== SOURCE INFORMATION ==
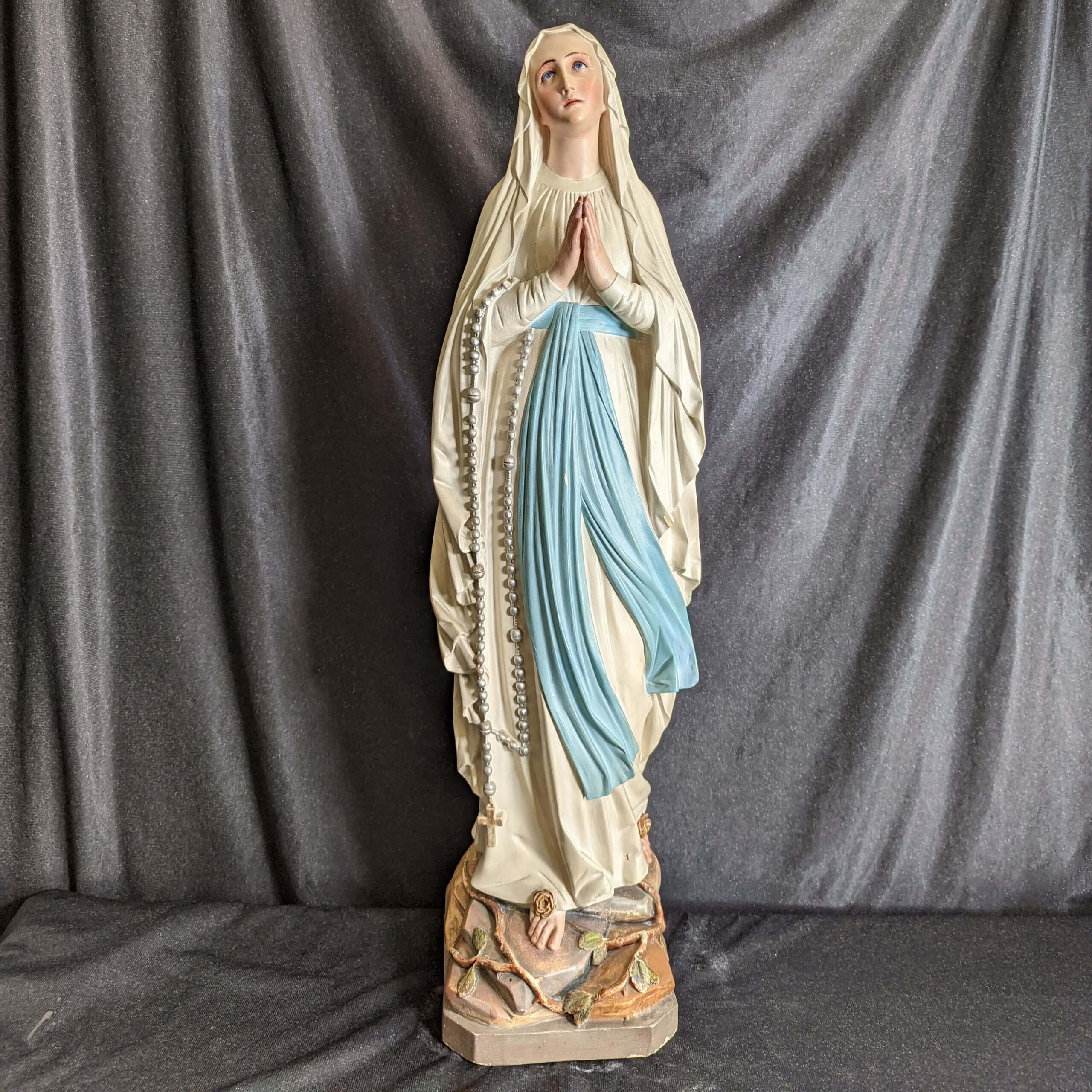 1920’s Vintage French Mid to Large Statue of Our Lady of Lourdes BVM with Glass Eyes (SOLD)
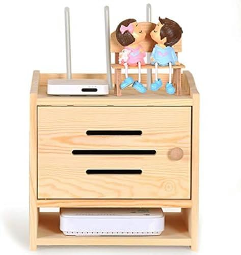 Die Box ist aus hochwertigem Holz gefertigt und in einem natürlichen Farbton erhältlich, der zu verschiedenen Einrichtungsstilen passt. Mit den Maßen von 30 23 30,5cm bietet die Aufbewahrungsbox ausreichend Platz für Ihren WLAN-Router, TV-Box, Set-Top-Box und andere Zubehörteile. Dank der offenen Konstruktion können Sie problemlos auf Ihre Geräte zugreifen und Kabel anschließen, ohne die Box öffnen zu müssen.
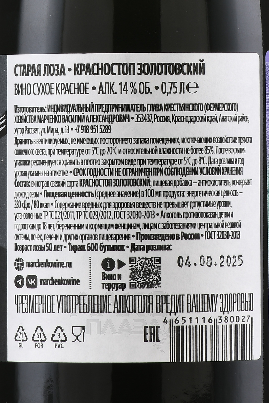 Вино Марченко Старая Лоза Красностоп Золотовский 0.75 л красное сухое
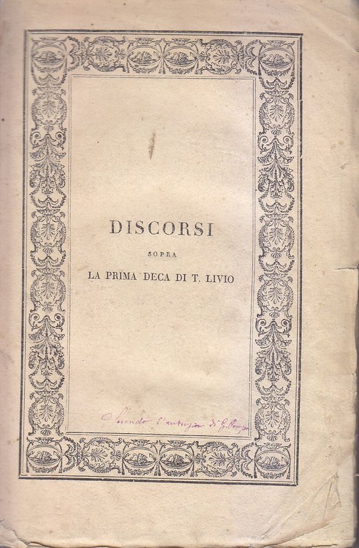 Discorsi Di Niccolò Machiavelli Sopra Prima Deca Tito Livio Volume 2 1824 Libro
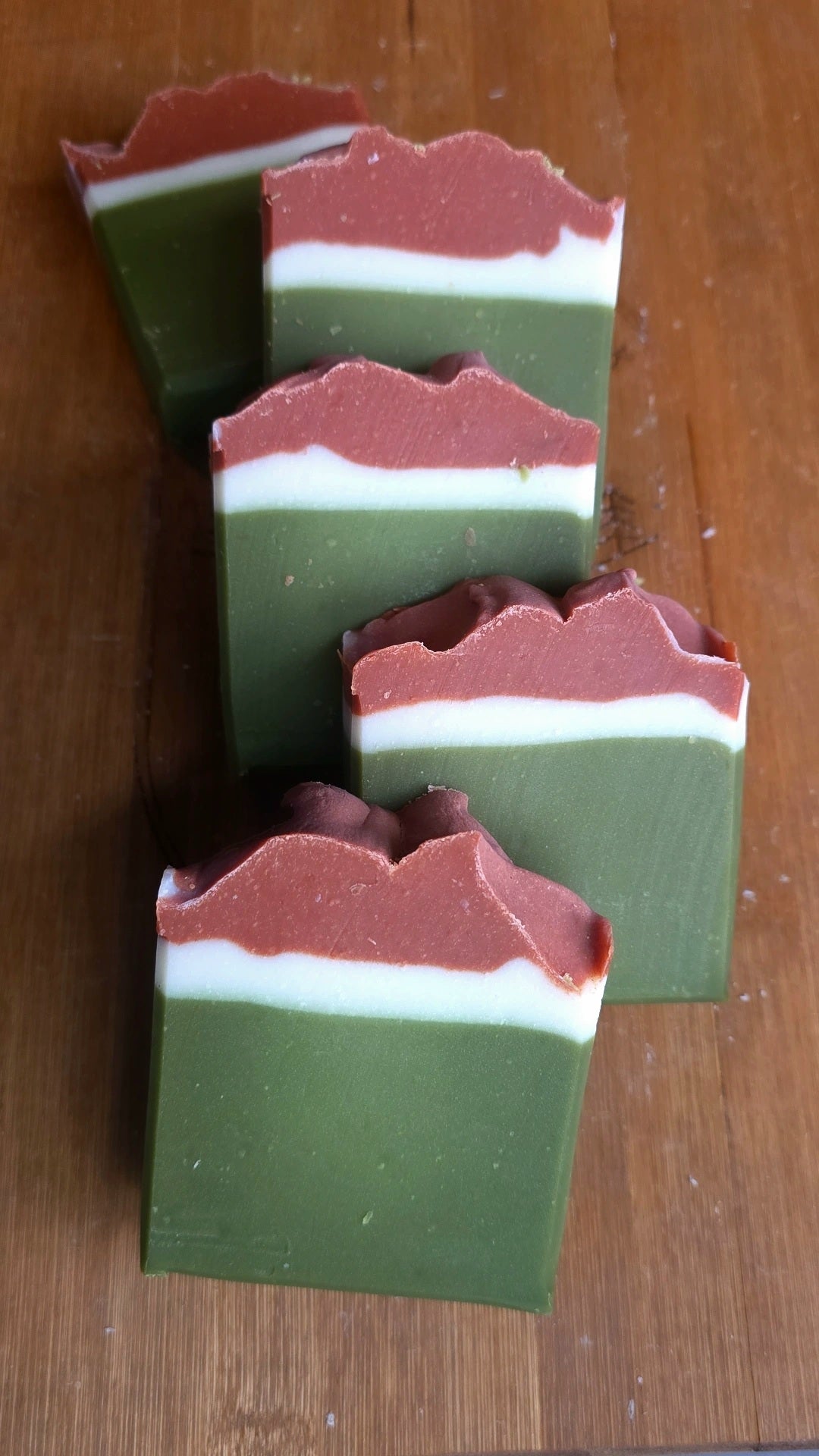 Celebrate the cheeky side of the season with Grinchmas! Made with 100% all-natural grass-fed tallow and scented with zesty lime, bergamot, fir, and peppermint essential oils, this soap awakens your senses while nourishing your skin. With playful layers of green, white, and red, it’s a merry, minty treat that adds a pop of holiday fun to any bath or gift.
===
## INSTRUCTIONS TO FOLLOW
Going by the data above, give back only the lines from the one containing "Вино Марченко Старая" through the one containing "Discorsi Di Niccolò", exactly as they stand, both ends included and no images.

## PROBLEM SOLUTION
 Вино Марченко Старая Лоза Красностоп Золотовский 0.75 л красное сухое
 Discorsi Di Niccolò Machiavelli Sopra Prima Deca Tito Livio Volume 2 1824 Libro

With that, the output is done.